Origami exhibit by the Arizona Origami Society -  Meenakshi Mukerji  
Origami is the ancient art of Japanese paper folding, an art form spanning over 1,000 years. Origami is unique among paper crafts in that it requires no materials other than the paper itself. The word "origami" comes from the Japanese language. "Ori" means folded and "kami" means paper. Paper-folding as a traditional folding art pervaded the Japanese culture more strongly than any other. Origami was first practiced in the Japanese imperial Court, where it was considered an amusing and elegant way of passing the time. Over the centuries the skill has been passed down to ordinary people, who took it up with enthusiasm and made it into the folk art that it is today.  Come visit the unique origami on display at this exhibit.
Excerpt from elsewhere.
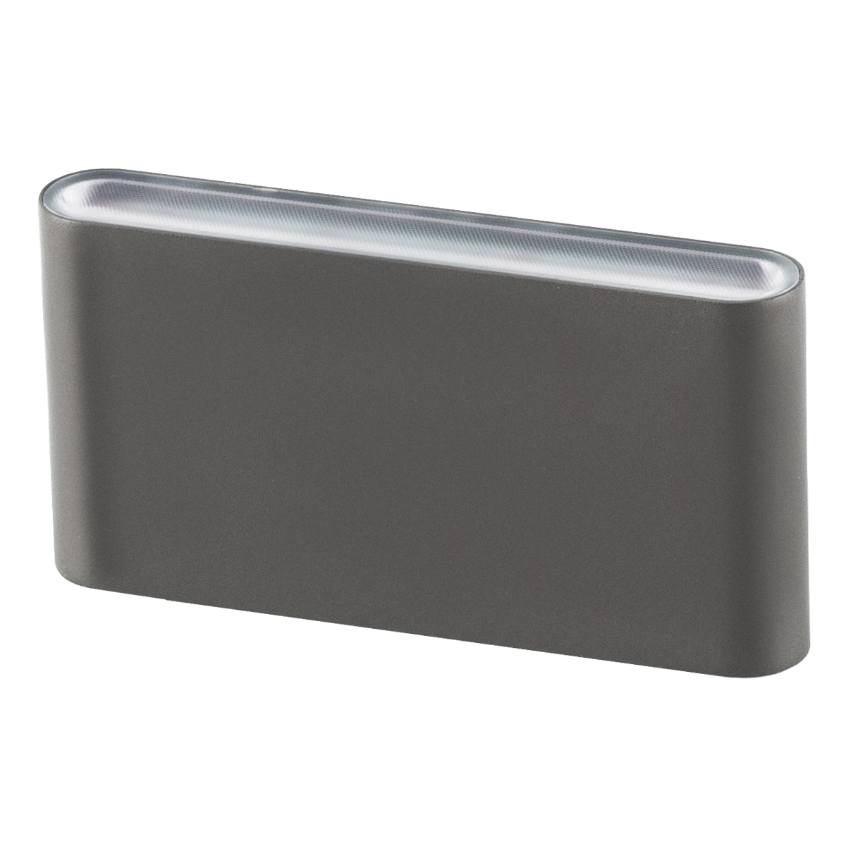 Die 2-flammige LED Wandleuchte ist komplett aus Aluminium im Druckgussverfahren gefertigt. Dank der gegebenen Schutzart kann diese sowohl im Innen-, als auch Außenbereich zum Einsatz gebracht werden. Somit lassen sich nicht nur Hausfassaden gekonnt in Szene setzen, sondern z. B. auch Treppenhäuser, bzw. Treppenauf-/abgänge perfekt ausleuchten und natürlich vieles mehr. Mittels Schalter kann eine von drei möglichen Farbtemperaturen eingestellt werden. Die möglichen Farbtemperaturen und daraus resultierenden Lumen sind: 3000K (2x475lm), 4000K (2x530lm) und 5700K (2x500lm). Die Gehäusefarbe entspricht RAL7016. Die Leuchte kann auch über eine Zentralbatterie betrieben werden, mit einer Eingangsspannung von 176-300V/DC.

Recognition of the 75th anniversary of the Iwo Jima Flag Raising 
American Legion Ira H. Hayes Post No. 84 & Auxiliary Unit No. 84
 75th anniversary of the raising of the flag raising at Iwo Jima
Ira Hamilton Hayes was a Pima Native American and a United States Marine who was one of the six flag raisers immortalized in the iconic photograph of the flag raising on Iwo Jima during World War II.
Haiku Poetry Expo

​The 5th Annual Haiku Poetry contest had over 1000 participants and we will have more than 100 Outstanding Haiku on display from this year's contest as well as another 100 from last year's contest.  Please stop by and read a few of the many Arizona-inspired haiku.